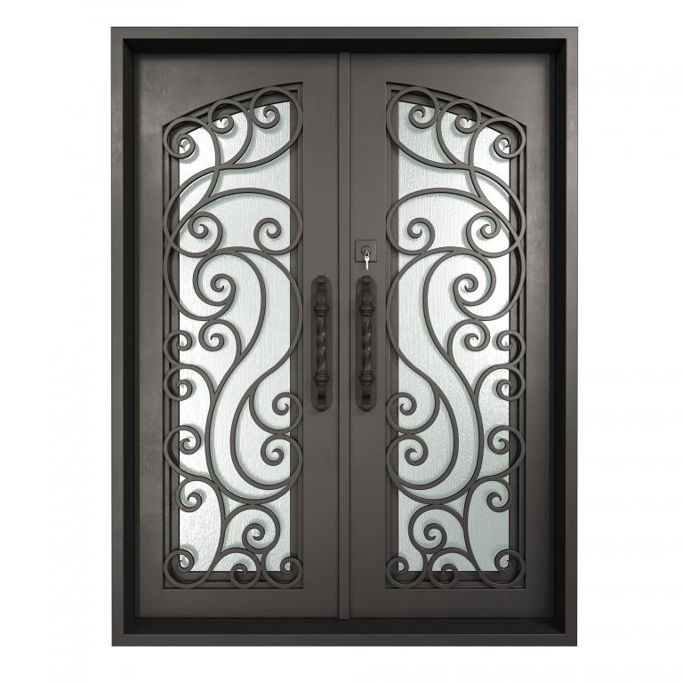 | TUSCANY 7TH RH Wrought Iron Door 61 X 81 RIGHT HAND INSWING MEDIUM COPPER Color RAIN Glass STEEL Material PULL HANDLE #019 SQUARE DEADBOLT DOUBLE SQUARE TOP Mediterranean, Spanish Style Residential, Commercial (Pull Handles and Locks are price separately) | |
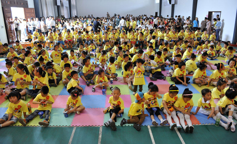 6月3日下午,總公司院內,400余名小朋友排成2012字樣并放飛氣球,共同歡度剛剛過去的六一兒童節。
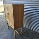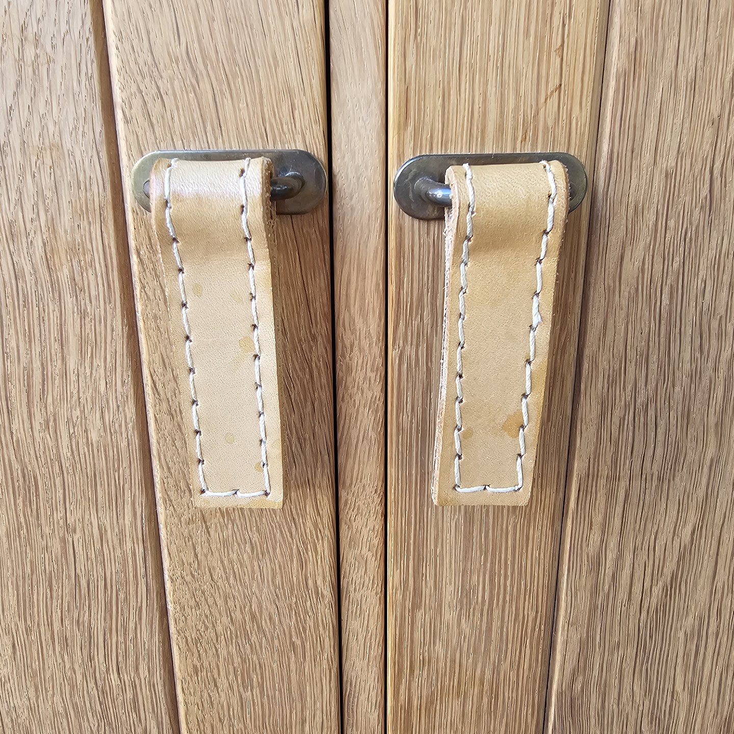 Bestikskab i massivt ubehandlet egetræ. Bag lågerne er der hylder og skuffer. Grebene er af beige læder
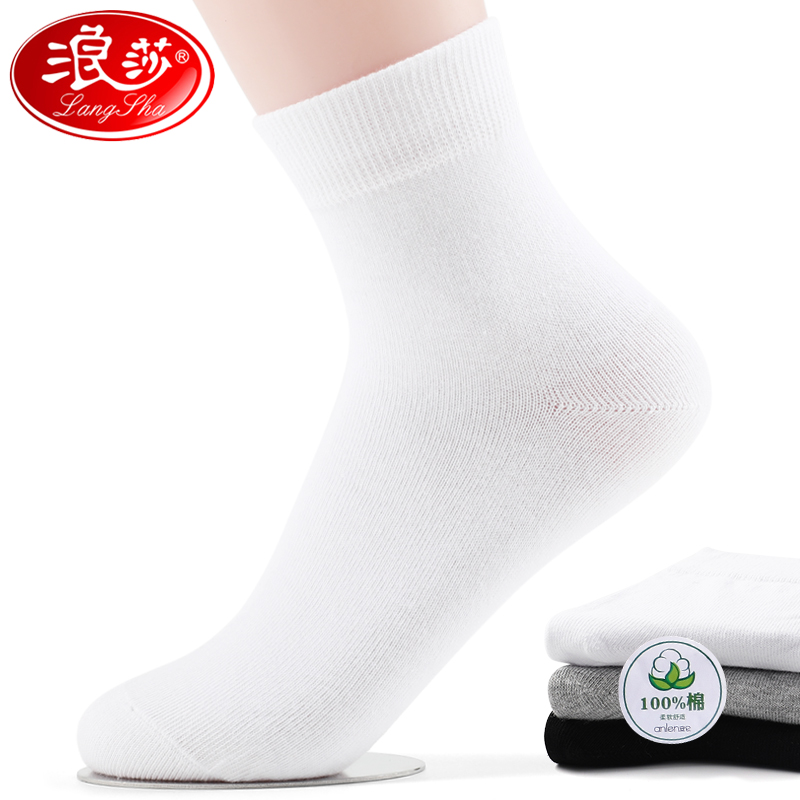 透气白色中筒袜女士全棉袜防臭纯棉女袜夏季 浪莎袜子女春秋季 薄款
--
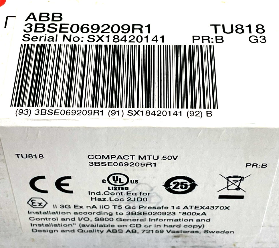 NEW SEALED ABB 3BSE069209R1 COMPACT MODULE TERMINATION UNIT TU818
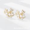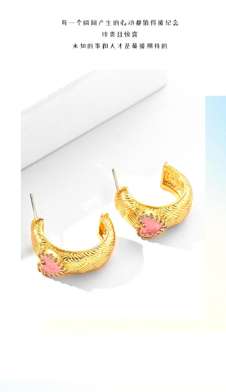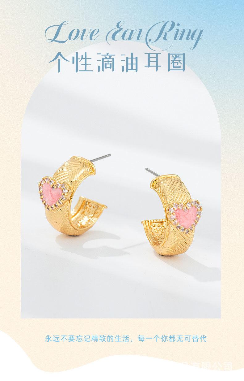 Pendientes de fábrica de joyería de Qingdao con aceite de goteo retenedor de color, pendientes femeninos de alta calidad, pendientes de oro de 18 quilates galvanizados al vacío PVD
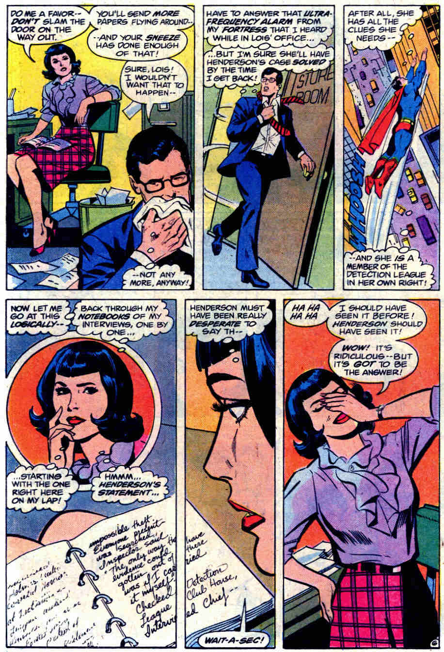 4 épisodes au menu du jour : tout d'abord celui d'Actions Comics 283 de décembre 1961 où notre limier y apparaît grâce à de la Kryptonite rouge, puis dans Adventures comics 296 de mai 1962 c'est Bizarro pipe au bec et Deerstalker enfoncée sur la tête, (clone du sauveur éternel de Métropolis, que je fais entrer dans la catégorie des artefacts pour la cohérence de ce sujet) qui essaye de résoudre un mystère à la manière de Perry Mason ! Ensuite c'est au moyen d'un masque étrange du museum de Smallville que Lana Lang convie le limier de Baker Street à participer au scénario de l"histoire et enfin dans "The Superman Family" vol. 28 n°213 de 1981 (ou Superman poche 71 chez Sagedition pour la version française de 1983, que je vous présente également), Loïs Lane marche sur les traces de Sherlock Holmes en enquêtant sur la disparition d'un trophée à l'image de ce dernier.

→ **Activity**
All that is wanted is the lines above between the one containing "separately) | |" and the one containing "透气白色中筒袜女士全棉袜防臭纯棉女袜夏季 浪莎袜子女春秋季 薄款", inclusive, restated word for word, with pictures omitted.

→ **Solution to this task**
 | TUSCANY 7TH RH Wrought Iron Door 61 X 81 RIGHT HAND INSWING MEDIUM COPPER Color RAIN Glass STEEL Material PULL HANDLE #019 SQUARE DEADBOLT DOUBLE SQUARE TOP Mediterranean, Spanish Style Residential, Commercial (Pull Handles and Locks are price separately) | |
 6月3日下午,總公司院內,400余名小朋友排成2012字樣并放飛氣球,共同歡度剛剛過去的六一兒童節。
 Bestikskab i massivt ubehandlet egetræ. Bag lågerne er der hylder og skuffer. Grebene er af beige læder
 透气白色中筒袜女士全棉袜防臭纯棉女袜夏季 浪莎袜子女春秋季 薄款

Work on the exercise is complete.